# Front Passenger Door Faults - fails to lock/unlock



## Reihenmotor5 (Dec 1, 2006)

Yesterday during a scan saw these 3 faults pop up. 


















Cleared and didn’t come right back so didn’t think of it. Did a scan today and they’re back. My assumption so far until I do more testing is that if there is power to the door the locking system works fine. Since the orange lock light was present after clearing. 

I had to go get something from the car which was on the passenger side after the car was shut off for a brief period. Noticed that all the doors except the passenger door was unlocked. Standing next to the door didn’t even work to unlock with touch. So I went around and no orange light. Manually unlocked it, got what I needed and then press lock on the keyfob and the door did not lock. 

Anyone ever experience this before? I’m sure this is warranty work, but curious if anyone knew of a fix before I schedule an appointment. 

Thanks!


Sent from my iPhone using Tapatalk


----------



## Reihenmotor5 (Dec 1, 2006)

Went back out to test again and now when I hit the lock button on the driver side I hear the vehicle doors lock but not the passenger side and then it tries to lock again.
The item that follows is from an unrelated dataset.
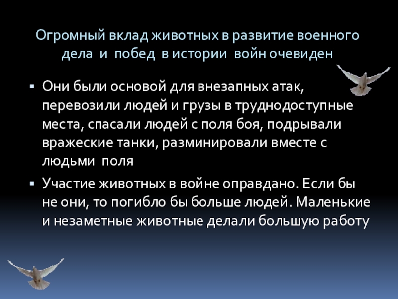 Участие животных в войне оправдано. Если бы не они, то погибло бы больше людей. Маленькие и незаметные животные делали большую работу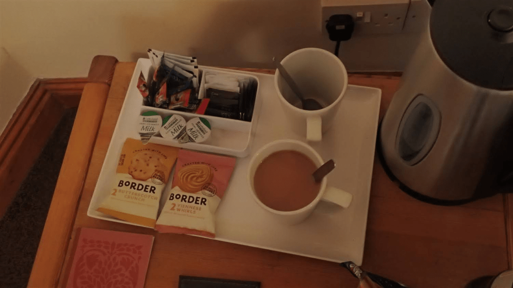 There are options to purchase an evening meal there, while I was somewhat content to tuck in to the sandwich and “sharer” bag of crisps I’d purchased in Aldi.

This time the faults cleared but came right back and no more light on the passenger side toggle switch. If I press unlock on the passenger side it apparently sends a command to the other doors to unlock, but when you press lock nothing happens. Just has a "dead" feel to it. Guess she's going in for some warranty work :banghead:


----------



## Reihenmotor5 (Dec 1, 2006)

Can basic settings be run on a door to see if that fixes the issue?
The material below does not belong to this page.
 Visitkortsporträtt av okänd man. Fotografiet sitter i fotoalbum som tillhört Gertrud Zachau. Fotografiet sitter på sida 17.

Sent from my iPhone using Tapatalk


----------



## OEMplusCC (Jan 27, 2013)

Have you made any coding changes recently that night have affected this. I would try output tests with VCDS just to see what happens. 
Sorry that's all I have

Sent from my Nokia 6.1 using Tapatalk


----------



## Reihenmotor5 (Dec 1, 2006)

OEMplusCC said:


> Have you made any coding changes recently that night have affected this. I would try output tests with VCDS just to see what happens.
> Sorry that's all I have
> 
> Sent from my Nokia 6.1 using Tapatalk


Nope, no coding changes to that module at all. Only thing ever coded was the puddle light mod last year but that shouldn’t touch the door locking mechanism. 
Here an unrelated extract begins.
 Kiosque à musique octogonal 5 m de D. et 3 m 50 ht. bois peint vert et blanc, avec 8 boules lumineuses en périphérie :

I’ll try live data tomorrow in OBD11. The unlock/lock toggle button doesn’t even light up now. 

Thank you for chiming in!

Sent from my iPhone using Tapatalk


----------



## JODZ (Feb 16, 1999)

It's probably going to come back as a failed door latch. This plagued a lot of cars, I've had it happened on my 2013 Passat, and my 2017 Golf R. It actually happened on my Passat 2 times, and was rear door lock and locking issues on both cars. Good luck, I hope it works out for you.


----------



## Reihenmotor5 (Dec 1, 2006)

Thanks! I think that’s it since I manually moved the latch to a locked position and the door wouldn’t unlock. I had to manually unlock it in order to shut the door again. 


Sent from my iPhone using Tapatalk


----------



## Reihenmotor5 (Dec 1, 2006)

Murphy’s Law door works this morning before drop off even though the passenger door was unlocked all last night. I did a scan and the 3 faults are still present but now show the green intermittent in OBD11. Hoping they still fix it.  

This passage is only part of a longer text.